EXERCISE OBJECTIVE
Write out the entries below exactly, from the first line to the one with "Vores præsidentsuite er", both ends included.

SOURCE RECORDS
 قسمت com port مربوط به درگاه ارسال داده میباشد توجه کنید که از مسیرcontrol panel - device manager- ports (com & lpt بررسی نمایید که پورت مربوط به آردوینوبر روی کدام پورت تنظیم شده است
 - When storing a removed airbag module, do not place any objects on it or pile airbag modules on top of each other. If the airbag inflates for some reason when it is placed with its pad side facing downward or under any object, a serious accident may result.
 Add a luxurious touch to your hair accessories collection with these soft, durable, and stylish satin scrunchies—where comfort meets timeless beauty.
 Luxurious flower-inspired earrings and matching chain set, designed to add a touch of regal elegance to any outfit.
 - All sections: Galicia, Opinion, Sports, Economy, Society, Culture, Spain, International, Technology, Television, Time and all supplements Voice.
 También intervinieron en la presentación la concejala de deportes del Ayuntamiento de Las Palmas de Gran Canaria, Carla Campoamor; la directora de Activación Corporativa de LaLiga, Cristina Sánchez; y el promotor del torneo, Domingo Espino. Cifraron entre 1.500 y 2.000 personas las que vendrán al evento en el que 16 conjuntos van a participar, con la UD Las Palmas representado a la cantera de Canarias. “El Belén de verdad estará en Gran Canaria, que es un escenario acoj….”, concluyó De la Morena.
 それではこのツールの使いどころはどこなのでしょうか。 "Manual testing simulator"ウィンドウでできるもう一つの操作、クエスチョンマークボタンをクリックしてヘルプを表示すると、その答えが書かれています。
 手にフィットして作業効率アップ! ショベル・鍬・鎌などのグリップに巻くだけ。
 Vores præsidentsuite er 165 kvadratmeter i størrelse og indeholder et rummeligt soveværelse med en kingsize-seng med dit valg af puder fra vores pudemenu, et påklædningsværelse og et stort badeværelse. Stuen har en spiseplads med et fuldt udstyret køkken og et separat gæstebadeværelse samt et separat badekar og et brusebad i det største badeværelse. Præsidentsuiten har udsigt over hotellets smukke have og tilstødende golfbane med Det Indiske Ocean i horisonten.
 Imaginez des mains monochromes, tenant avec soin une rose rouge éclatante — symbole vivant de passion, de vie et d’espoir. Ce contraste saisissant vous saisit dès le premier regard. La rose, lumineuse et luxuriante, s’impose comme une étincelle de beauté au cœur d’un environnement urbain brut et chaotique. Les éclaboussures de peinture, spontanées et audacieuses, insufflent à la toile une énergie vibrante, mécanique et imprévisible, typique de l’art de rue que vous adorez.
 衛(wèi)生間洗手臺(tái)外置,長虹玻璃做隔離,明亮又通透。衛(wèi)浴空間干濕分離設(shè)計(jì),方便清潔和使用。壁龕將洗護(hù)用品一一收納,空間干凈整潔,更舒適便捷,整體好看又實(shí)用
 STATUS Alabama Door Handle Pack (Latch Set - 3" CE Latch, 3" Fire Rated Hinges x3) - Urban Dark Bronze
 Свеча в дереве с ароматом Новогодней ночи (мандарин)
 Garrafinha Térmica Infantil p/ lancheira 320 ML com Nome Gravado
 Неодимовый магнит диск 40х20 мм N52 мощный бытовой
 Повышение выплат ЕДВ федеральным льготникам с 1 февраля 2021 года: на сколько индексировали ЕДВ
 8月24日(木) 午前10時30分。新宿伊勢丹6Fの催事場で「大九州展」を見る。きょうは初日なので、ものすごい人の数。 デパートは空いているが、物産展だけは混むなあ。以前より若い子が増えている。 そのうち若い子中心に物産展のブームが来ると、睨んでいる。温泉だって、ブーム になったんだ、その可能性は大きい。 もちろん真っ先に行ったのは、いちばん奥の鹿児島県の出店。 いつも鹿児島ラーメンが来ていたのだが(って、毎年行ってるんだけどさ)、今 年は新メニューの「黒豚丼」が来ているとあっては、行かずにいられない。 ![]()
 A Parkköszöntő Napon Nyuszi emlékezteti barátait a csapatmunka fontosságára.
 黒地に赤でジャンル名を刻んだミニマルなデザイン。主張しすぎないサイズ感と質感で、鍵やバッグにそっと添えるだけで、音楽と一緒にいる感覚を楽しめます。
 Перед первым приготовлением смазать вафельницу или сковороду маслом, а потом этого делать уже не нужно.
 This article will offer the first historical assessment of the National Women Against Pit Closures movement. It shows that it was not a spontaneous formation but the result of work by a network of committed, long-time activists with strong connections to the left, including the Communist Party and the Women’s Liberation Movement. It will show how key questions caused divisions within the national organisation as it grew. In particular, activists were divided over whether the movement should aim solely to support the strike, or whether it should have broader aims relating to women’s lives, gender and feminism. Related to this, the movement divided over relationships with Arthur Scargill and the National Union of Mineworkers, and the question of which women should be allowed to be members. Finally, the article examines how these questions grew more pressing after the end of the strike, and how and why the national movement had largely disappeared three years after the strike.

EXERCISE OUTPUT
 قسمت com port مربوط به درگاه ارسال داده میباشد توجه کنید که از مسیرcontrol panel - device manager- ports (com & lpt بررسی نمایید که پورت مربوط به آردوینوبر روی کدام پورت تنظیم شده است
 - When storing a removed airbag module, do not place any objects on it or pile airbag modules on top of each other. If the airbag inflates for some reason when it is placed with its pad side facing downward or under any object, a serious accident may result.
 Add a luxurious touch to your hair accessories collection with these soft, durable, and stylish satin scrunchies—where comfort meets timeless beauty.
 Luxurious flower-inspired earrings and matching chain set, designed to add a touch of regal elegance to any outfit.
 - All sections: Galicia, Opinion, Sports, Economy, Society, Culture, Spain, International, Technology, Television, Time and all supplements Voice.
 También intervinieron en la presentación la concejala de deportes del Ayuntamiento de Las Palmas de Gran Canaria, Carla Campoamor; la directora de Activación Corporativa de LaLiga, Cristina Sánchez; y el promotor del torneo, Domingo Espino. Cifraron entre 1.500 y 2.000 personas las que vendrán al evento en el que 16 conjuntos van a participar, con la UD Las Palmas representado a la cantera de Canarias. “El Belén de verdad estará en Gran Canaria, que es un escenario acoj….”, concluyó De la Morena.
 それではこのツールの使いどころはどこなのでしょうか。 "Manual testing simulator"ウィンドウでできるもう一つの操作、クエスチョンマークボタンをクリックしてヘルプを表示すると、その答えが書かれています。
 手にフィットして作業効率アップ! ショベル・鍬・鎌などのグリップに巻くだけ。
 Vores præsidentsuite er 165 kvadratmeter i størrelse og indeholder et rummeligt soveværelse med en kingsize-seng med dit valg af puder fra vores pudemenu, et påklædningsværelse og et stort badeværelse. Stuen har en spiseplads med et fuldt udstyret køkken og et separat gæstebadeværelse samt et separat badekar og et brusebad i det største badeværelse. Præsidentsuiten har udsigt over hotellets smukke have og tilstødende golfbane med Det Indiske Ocean i horisonten.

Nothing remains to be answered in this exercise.